__WORK TASK__
What is needed here is an exact repetition of the records below, beginning at the line that has "Prišli sme ku" and stopping after the line that has "Jo Mar's L-Valine".

*** INPUT DATA

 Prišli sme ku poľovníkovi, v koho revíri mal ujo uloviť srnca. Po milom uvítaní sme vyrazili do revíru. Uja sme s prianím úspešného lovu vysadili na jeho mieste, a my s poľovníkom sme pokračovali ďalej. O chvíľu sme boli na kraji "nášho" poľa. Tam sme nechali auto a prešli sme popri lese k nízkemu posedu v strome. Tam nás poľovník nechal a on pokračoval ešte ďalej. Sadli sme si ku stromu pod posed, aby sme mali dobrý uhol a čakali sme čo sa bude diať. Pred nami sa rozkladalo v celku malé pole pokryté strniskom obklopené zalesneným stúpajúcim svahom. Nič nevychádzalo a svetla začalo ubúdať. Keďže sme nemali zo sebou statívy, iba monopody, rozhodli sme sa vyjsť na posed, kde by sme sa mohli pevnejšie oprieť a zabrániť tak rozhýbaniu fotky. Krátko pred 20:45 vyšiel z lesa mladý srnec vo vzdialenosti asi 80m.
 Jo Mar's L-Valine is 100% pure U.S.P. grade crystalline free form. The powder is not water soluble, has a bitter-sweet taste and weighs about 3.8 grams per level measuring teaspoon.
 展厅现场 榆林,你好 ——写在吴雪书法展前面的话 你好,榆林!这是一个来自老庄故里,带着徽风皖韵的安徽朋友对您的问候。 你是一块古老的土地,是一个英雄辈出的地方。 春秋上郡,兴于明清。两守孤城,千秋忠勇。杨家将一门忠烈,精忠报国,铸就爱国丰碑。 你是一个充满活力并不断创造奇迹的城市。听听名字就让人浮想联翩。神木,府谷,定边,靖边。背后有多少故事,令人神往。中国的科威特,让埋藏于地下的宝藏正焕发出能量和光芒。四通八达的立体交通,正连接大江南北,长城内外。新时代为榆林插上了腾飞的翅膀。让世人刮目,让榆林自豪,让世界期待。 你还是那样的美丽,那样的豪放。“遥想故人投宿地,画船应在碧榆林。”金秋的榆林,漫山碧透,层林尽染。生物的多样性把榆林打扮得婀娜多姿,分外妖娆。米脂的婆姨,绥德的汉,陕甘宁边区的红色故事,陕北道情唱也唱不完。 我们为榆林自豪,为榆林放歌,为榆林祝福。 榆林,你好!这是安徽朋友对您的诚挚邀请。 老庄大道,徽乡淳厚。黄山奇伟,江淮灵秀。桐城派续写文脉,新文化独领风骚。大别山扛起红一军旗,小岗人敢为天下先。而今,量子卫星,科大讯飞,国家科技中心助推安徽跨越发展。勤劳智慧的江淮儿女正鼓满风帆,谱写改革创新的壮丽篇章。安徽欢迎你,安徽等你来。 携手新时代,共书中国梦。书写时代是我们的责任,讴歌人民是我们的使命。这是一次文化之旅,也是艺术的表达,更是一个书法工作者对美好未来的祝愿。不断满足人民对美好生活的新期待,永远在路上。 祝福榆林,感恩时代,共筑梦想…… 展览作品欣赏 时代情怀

******
*** INPUT DATA

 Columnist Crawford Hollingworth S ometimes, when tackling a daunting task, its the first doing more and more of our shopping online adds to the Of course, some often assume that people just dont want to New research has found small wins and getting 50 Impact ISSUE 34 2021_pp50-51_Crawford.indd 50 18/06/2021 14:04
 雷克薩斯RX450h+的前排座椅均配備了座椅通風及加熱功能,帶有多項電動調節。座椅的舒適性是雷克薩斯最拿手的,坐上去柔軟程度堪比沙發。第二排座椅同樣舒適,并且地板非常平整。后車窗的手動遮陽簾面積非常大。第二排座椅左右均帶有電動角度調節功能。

******

__RESULT FOR THIS TASK__
 Prišli sme ku poľovníkovi, v koho revíri mal ujo uloviť srnca. Po milom uvítaní sme vyrazili do revíru. Uja sme s prianím úspešného lovu vysadili na jeho mieste, a my s poľovníkom sme pokračovali ďalej. O chvíľu sme boli na kraji "nášho" poľa. Tam sme nechali auto a prešli sme popri lese k nízkemu posedu v strome. Tam nás poľovník nechal a on pokračoval ešte ďalej. Sadli sme si ku stromu pod posed, aby sme mali dobrý uhol a čakali sme čo sa bude diať. Pred nami sa rozkladalo v celku malé pole pokryté strniskom obklopené zalesneným stúpajúcim svahom. Nič nevychádzalo a svetla začalo ubúdať. Keďže sme nemali zo sebou statívy, iba monopody, rozhodli sme sa vyjsť na posed, kde by sme sa mohli pevnejšie oprieť a zabrániť tak rozhýbaniu fotky. Krátko pred 20:45 vyšiel z lesa mladý srnec vo vzdialenosti asi 80m.
 Jo Mar's L-Valine is 100% pure U.S.P. grade crystalline free form. The powder is not water soluble, has a bitter-sweet taste and weighs about 3.8 grams per level measuring teaspoon.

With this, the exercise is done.